- [Work request]: Taking the entries below, transcribe only the lines starting with the one with "1 Espumante Chandon" and going on through the one with "This control panel", exactly as written, without the pictures.

[Items listed in a dataset]
----
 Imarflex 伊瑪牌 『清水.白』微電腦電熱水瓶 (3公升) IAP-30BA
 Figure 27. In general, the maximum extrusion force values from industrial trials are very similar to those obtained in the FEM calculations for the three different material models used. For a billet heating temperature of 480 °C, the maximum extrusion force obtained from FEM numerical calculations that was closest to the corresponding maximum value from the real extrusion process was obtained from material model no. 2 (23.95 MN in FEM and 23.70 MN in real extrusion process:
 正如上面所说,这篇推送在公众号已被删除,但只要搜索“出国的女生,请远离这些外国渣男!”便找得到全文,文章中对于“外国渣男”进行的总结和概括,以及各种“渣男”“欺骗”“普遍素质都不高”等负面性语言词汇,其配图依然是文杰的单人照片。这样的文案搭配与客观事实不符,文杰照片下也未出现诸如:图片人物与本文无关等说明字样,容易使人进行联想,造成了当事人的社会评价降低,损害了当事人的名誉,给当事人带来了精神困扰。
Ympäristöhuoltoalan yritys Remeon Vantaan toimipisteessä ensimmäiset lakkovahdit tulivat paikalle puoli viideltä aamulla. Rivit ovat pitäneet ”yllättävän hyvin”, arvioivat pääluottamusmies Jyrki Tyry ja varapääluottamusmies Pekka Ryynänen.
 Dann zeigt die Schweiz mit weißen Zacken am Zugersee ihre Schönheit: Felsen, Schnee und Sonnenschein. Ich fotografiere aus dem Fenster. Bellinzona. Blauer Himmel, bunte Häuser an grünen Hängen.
----
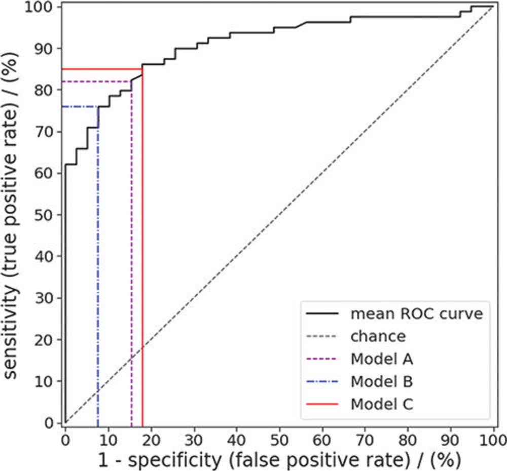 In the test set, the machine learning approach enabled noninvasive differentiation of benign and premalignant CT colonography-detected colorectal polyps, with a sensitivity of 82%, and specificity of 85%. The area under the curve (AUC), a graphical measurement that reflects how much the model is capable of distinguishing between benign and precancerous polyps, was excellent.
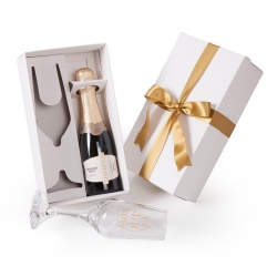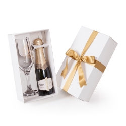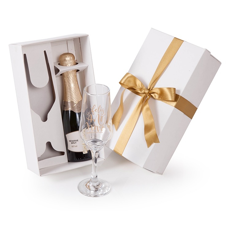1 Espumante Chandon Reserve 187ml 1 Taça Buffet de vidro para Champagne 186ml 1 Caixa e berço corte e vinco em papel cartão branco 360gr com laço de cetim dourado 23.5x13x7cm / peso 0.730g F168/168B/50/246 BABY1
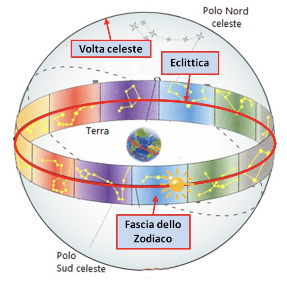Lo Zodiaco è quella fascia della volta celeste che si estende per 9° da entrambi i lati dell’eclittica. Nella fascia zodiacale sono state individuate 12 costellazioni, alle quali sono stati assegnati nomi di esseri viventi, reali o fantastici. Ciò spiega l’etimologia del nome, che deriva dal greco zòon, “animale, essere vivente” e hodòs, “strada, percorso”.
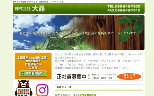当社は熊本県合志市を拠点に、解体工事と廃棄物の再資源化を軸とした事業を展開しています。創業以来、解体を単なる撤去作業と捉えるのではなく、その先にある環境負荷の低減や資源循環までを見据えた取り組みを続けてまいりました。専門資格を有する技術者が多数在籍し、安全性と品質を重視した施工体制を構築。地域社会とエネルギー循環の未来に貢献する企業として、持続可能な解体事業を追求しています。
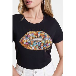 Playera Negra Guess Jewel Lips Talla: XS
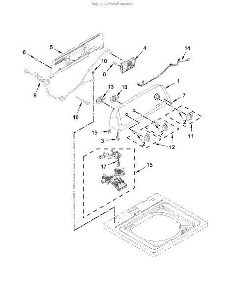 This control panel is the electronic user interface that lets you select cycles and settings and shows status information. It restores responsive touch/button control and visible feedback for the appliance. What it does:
----
- [Answer section]:
1 Espumante Chandon Reserve 187ml 1 Taça Buffet de vidro para Champagne 186ml 1 Caixa e berço corte e vinco em papel cartão branco 360gr com laço de cetim dourado 23.5x13x7cm / peso 0.730g F168/168B/50/246 BABY1
Lo Zodiaco è quella fascia della volta celeste che si estende per 9° da entrambi i lati dell’eclittica. Nella fascia zodiacale sono state individuate 12 costellazioni, alle quali sono stati assegnati nomi di esseri viventi, reali o fantastici. Ciò spiega l’etimologia del nome, che deriva dal greco zòon, “animale, essere vivente” e hodòs, “strada, percorso”.
当社は熊本県合志市を拠点に、解体工事と廃棄物の再資源化を軸とした事業を展開しています。創業以来、解体を単なる撤去作業と捉えるのではなく、その先にある環境負荷の低減や資源循環までを見据えた取り組みを続けてまいりました。専門資格を有する技術者が多数在籍し、安全性と品質を重視した施工体制を構築。地域社会とエネルギー循環の未来に貢献する企業として、持続可能な解体事業を追求しています。
 Playera Negra Guess Jewel Lips Talla: XS
 This control panel is the electronic user interface that lets you select cycles and settings and shows status information. It restores responsive touch/button control and visible feedback for the appliance. What it does:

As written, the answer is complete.